Japanese Patents Gazette (Derwent) 2-29-84--Teijin
J5-8208-499.A..
|
Primary Examiner: Kendell; Lorraine T.
Parent Case Text
CROSS-REFERENCE TO RELATED APPLICATION
This application is a continuation-in-part of application Ser. No.
721,346, filed Apr. 9, 1985, now abandoned.
Claims
I claim:
1. Water-dispersible polyester fiber provided with a
water-dispersing coating in sufficient amount to render the fiber
water-dispersible, characterized in that the fibers are of
cruciform cross-section.
2. Fiber as claimed in claim 1, wherein the denier is from about
0.5 to about 20.
3. Fiber as claimed in claim 1, of cut length from about 5 to about
90 mm.
4. Fiber as claimed in claim 3, wherein the length diameter ratio
is from about 100:1 to about 2000:1.
5. Water-dispersible fiber as claimed in claim 4, in the form of a
package of cut fiber.
6. Polyester fiber according to claim 1, consisting essentially of
poly(ethylene terephthalate).
7. Polyester fiber according to claim 1, coated with a
water-dispersible coating consisting essentially of a segmented
copolyester of poly(ethylene terephthalate) repeat units and
poly(oxyalkylene) groups derived from a poly(oxyalkylene)glycol
having an average molecular weight in the range of 300 to 6000.
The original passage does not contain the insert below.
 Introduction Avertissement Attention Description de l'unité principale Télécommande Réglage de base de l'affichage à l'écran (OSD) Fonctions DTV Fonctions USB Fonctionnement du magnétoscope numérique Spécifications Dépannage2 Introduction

8. Polyester filaments essentially as claimed in claim 7, except
that they are in the form of a continuous filamentary tow.
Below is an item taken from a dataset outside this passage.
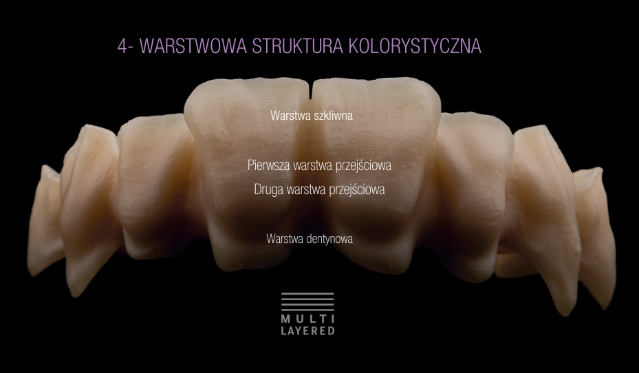 Technologia wielowarstwowych dysków z tlenku cyrkonu umożliwia wykonywanie uzupełnień protetycznych o wyglądzie zbliżonym do naturalnego zęba i przy ograniczonym nakładzie pracy ludkich rąk. Niezależnie od tego, czy użytkownik preferuje pracę z materiałami o stałej wytrzymałości i wybiera je w zależności od wskazań, czy też sięga po uniwersalny dysk: nakład pracy związany z wykończeniem jest znacznie zredukowany dzięki zoptymalizowanej przezierności i naturalnej gradacji kolorów bazowego materiału.

9. Water-dispersible fiber according to claim 1, wherein the
cruciform cross-section is of proportions essentially as shown in
FIG. 1.
Description
TECHNICAL FIELD
This invention concerns new water-dispersible synthetic polymer
fiber, particularly of poly(ethylene terephthalate), and its
preparation.
BACKGROUND OF INVENTION
There has been increased interest in recent years in
water-dispersible synthetic fiber, especially of polyester. Such
water-dispersible fiber is used in various non-woven applications,
including paper-making and wet-laid non-woven fabrics, sometimes as
part of a blend, often with large amounts of wood pulp, or
fiberglass, but also in applications requiring only polyester
fiber, i.e., unblended with other fiber. This use, and the
requirements therefor, are entirely different from previous more
conventional use as tow or staple fiber for conversion into textile
yarns for eventual use in woven or knitted fabrics, because of the
need to disperse this fiber in water instead of to convert the
fiber into yarns, e.g., by processes such as carding, e.g. in the
cotton system. It is this requirement for water-dispersibility that
distinguishes the field of the invention from previous, more
conventional polyester staple fiber.
Most such water-dispersible polyester fiber is of poly(ethylene
terephthalate), and is prepared in essentially the same general way
as conventional textile polyester staple fiber, except that most
water-dispersible polyester fiber is not crimped, whereas any
polyester staple fiber for use in textile yarns is generally
crimped while in the form of tow, before conversion into staple
fiber. Thus, waterdispersible polyester fiber has generally been
prepared by melt-spinning the polyester into filaments, combining
the filaments to form a tow, drawing, applying a suitable coating
to impart water-dispersible properties, generally in the same way
as a finish is applied to a tow of conventional textile filaments,
and then, generally without any crimping (or with imparting only
some mild wavy undulations in some cases to provide extra bulk and
a three-dimensional matrix), converting the tow into staple. Some
prior polyester staple fiber has been prepared in uncrimped form,
e.g. for use as flock in pile fabrics, but for such use,
water-dispersibility has not been required.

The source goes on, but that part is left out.